I followed the routes I have followed on previous trips, but took a number of different backroads. I also took some previously traveled roads, but traveled them a bit farther. Our wanderings were rewarded by some great reptile finds, including a beautiful little collared lizard with bright red rings around his neck and red hashmarks on his sides. There were a fair number of desert wildflowers still blooming here and there, although the main explosion has long since passed.



I took Glenn a ways south of Denio Junction to park near a lonely rock outcropping at sunset. The soft, copper color that flooded the desert as the sun dropped below the horizon was beyond description. The rocks and the desert seemed to glow with a light from within as the sounds of birds were soft upon our ears like a sweet symphony. God how I love this land.

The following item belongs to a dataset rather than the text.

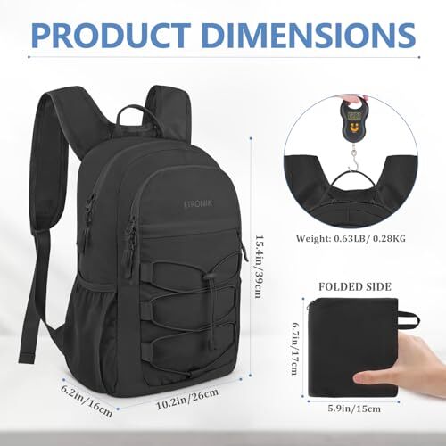 Return Policy Fast Delivery Trusted seller Hiking Backpack for Women Men, 15L Packable Small Backpack for Travel Trip, Lightweight Foldable Mini Backpack & Water Resistant Daypack for Hiking, Walking, Camping, Cycling, Black Product Description COMPACT & MULTIFUNCTIONAL: This hiking backpack is small in size but has multiple pockets for easy carrying. A spacious main compartment and an internal zipped compartment can hold your travel essentials and keep belongings organised. Two front zip pockets for quick access to your belongings, holding wallet, passport, keys and so on. Two side pockets hold water bottles. The elasticated front drawstring can expand the pack's capacity for items like gloves, hats and towels LIGHTWEIGHT & STURDY MATERIAL: The small backpack is made of high-density nylon. The material is strong, waterproof and durable, more tear resistant than other materials. Meanwhile, the fabric is lightweight, smooth and dry, making the backpack weigh only 0.63 lbs and easy to fold and carry. The zippers are made of a bi-directional resin material, and the opening and closing are smooth as silk. If you are looking for a lightweight small backpack for hiking, this is the one for you ERGONOMIC DESIGN: Our mini backpack is designed with ergonomics in mind. Its small size, compactness, and adjustable shoulder straps make it fit snugly against your back, providing a stable center of gravity during hiking. This waterproof backpack is perfect for daily outings and commuting, suitable for men and women, old and young PACKABLE DESIGN: The Unfolded size of this foldable daypack is 10.2 in × 6.2 in × 15.4 in. It is compact and portable, and can be folded into the built-in organiser pocket to form a small handbag with a size of 5.9 in × 6.7 in. When you don't need to use it, you can fold this backpack to save space and easily put it into a suitcase or backpack MULTI-OCCASION & VERSATILE USAGE: This small travel backpack provides enough storage space for your travel and outdoor activities, and you can take it on any flight. It is a perfect companion for day hiking, day traveling, cycling, camping and daily use. It is an ideal choice for climbing, exploring, relaxing and commuting. This small hiking backpack can also be used as a gift for friends and family on birthdays and holidays Shipping Returns Payment Shipping Shipping is FREE to all addresses other than APO/PO boxes in the lower 48 states. All our stock ships from US-based warehouses. Shipped via USPS or UPS (depending on location and package weight) Unless stated otherwise, all orders will ship within 24-72 hours of your payment being processed. Check our feedback to see the great reviews of FAST shipping we offer. Returns Seller does not accept returns Payment We currently accept payment via eBay managed payments only. Once payment is cleared, we will dispatch your shipment within 1-3 business days. Please refer to the "Shipping" tab for more information regarding shipping speed to your destination.

With the light of the setting sun still on the tops of the Trout Creek Mountains, we returned to the little cluster of buildings that is Denio Junction. The bar was open and the occupants friendly. Several cowboys came riding out of the desert, each with his own beat up old truck and a dog in back. They had all been riding for a week or two on horseback, camping and tending cattle in the Trout Creek Range. These guys were the real McCoy, just as genuine as if they had stepped out of the western wilderness of 1850.



Looking around at the vast remote wilderness around us as we drank beer around an outside picnic table in front of the bar/store/restaurant/gas station,motel, I got to thinking that for these leather-faced, wind-burned cowboys, not much was different out here from 1850. Their trucks are parked most of the time and they spend most of their lives in a saddle, far from highways and cars. We got to talking to these fellows and they were friendly as could be. They were just like people that Will Rogers would have written about. One paper-thin cowboy with piercing blue eyes looked like he was about 55, but was probably closer to 35. He asked me why I was there. I told him that I am an amateur naturalist and photographer, that I like hiking in the desert and exploring. He looked deeply at me and drawled, "Are yew a dem oh crat?" Ha ha ha.




We enjoyed the incredible colors of the desert evenglow as the first stars came out. The lady in the bar came out to tell one of the cowboys that he had a phone call. He came back out with a shocked countenance. One of their friends had been seriously injured in an accident and flown to Portland with a broken back and broken neck. In seconds all four or five of these guys were sobbing like babies. It was both touching and a bit embarassing.

When everyone else had left and the night settled in, Glenn and I strolled along the highway with headlamps, in a search for critters. Overhead the stars were so thick that the entire sky seemed to turn milky white if you stared at it long enough. I have never seen another place that close to Oregon (one mile from the border) with such a clear night sky. Even places I had been to in the high Cascades at night could not compare. Denio Junction is a stargazer's paradise.